On Wall Street, the Dow Jones Industrial Average was up 1.6%; the S&P500 index gained 1.8%; and the Nasdaq Composite advanced 2.4%.
All 11 major S&P sectors improved, led by a 3% rise in consumer discretionary, followed by a 1.7% rise in financials.
The department store chain Macy’s gained 12.1% after raising its annual profit forecasts, thanks to the recovery in demand for party wear.
Dollar General Corp and Dollar Tree climbed 13.2% and 17.8%, respectively, after raising their annual sales forecasts, at a time when more Americans are turning to discount store purchases now that inflation is at a four-decade high.

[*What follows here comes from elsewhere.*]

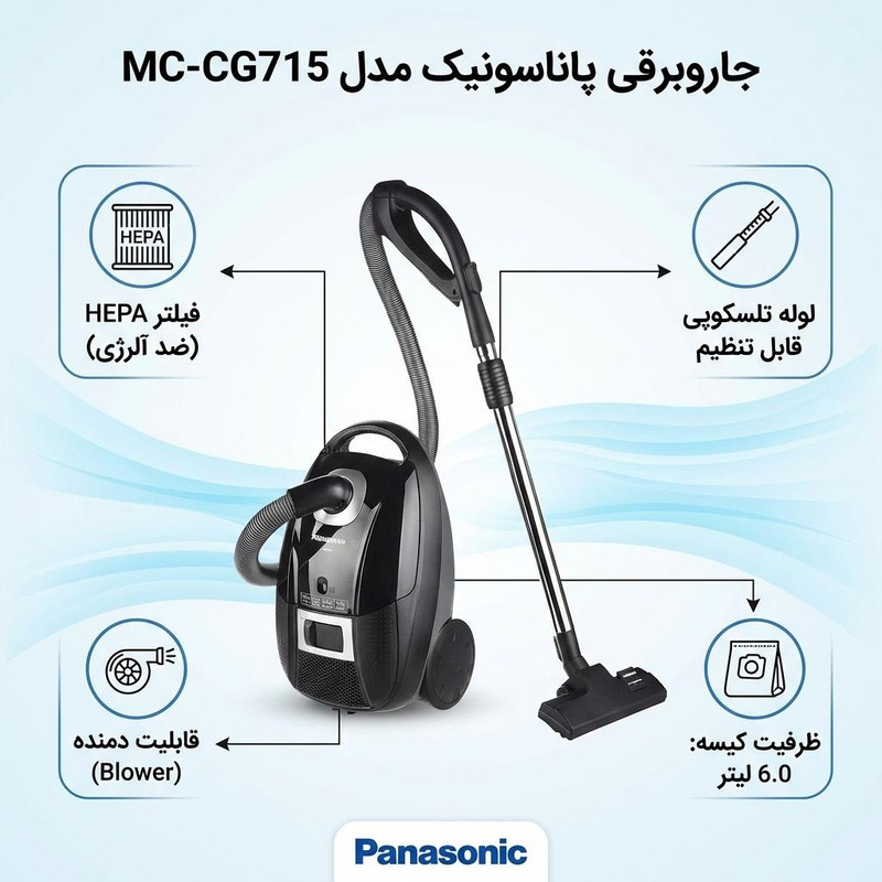 -مجهز به لوله تلسکوپی جادویی - دارای دستگیره با طراحی جدید سابر - دارای نازل دو بخشی - قابلیت تنظیم کنترل مکش متغیر - بدون امکان استفاده از کیسه یکبار مصرف - میزان صدا 65 دسیبل
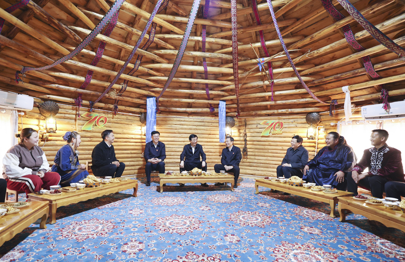 中共中央政治局常委、全國政協(xié)主席、中央代表團團長王滬寧帶領(lǐng)一分團到阿勒泰地區(qū)布爾津縣考察,了解邊防建設(shè)、鄉(xiāng)村旅游、生態(tài)環(huán)境保護等情況,并看望慰問基層干警和村民群眾。王滬寧表示,要把邊防建設(shè)作為重要任務抓緊抓好,加強和創(chuàng)新社會治理,學習運用新時代“楓橋經(jīng)驗”,深入推進興邊富民行動,為各族群眾扎根邊疆、建設(shè)邊疆、守護邊疆創(chuàng)造良好環(huán)境,在促進民族團結(jié)進步、促進邊防鞏固、促進興邊富民中發(fā)揮更大作用。在聽取扎拉特鄉(xiāng)村旅游專業(yè)合作社生產(chǎn)經(jīng)營和當?shù)孛袼孜幕l(fā)展情況介紹時,王滬寧表示,新疆擁有豐富的文化旅游資源,要推動新疆特色文化和旅游資源要素深度融合,提升旅游基礎(chǔ)設(shè)施服務保障能力,讓新疆成為國內(nèi)外游客向往的旅游目的地,把文化旅游業(yè)打造為新疆支柱產(chǎn)業(yè)。在考察喀納斯自然保護區(qū)生態(tài)環(huán)境保護工作時,王滬寧表示,這些年新疆生態(tài)環(huán)境顯著改善,要樹牢綠水青山就是金山銀山理念,推進生態(tài)優(yōu)先、綠色發(fā)展,以高品質(zhì)生態(tài)支撐高質(zhì)量發(fā)展,讓大美新疆天更藍、山更綠、水更清。27日下午,看望慰問活動結(jié)束后,王滬寧帶領(lǐng)一分團乘機返回北京。

For its part, a report from the Department of Commerce showed that US Gross Domestic Product fell at an annualized rate of 1.5% last quarter, revised down from a 1.4% decline in April under the weight of a record trade deficit. In the fourth quarter, the economy grew at a strong rate of 6.9%.
Likewise, weekly applications for unemployment benefits fell to 210,000 last week, which indicates that the labor market remains firm despite the increase in rates and the tightening of financial conditions.
“These numbers indicate that growth and demand are slowing down and that perhaps prices are starting to slow as well. And if all three of these things hold, then the case for a cautious turn will become stronger during the summer months.” , said Thomas Hayes of Great Hill Capital.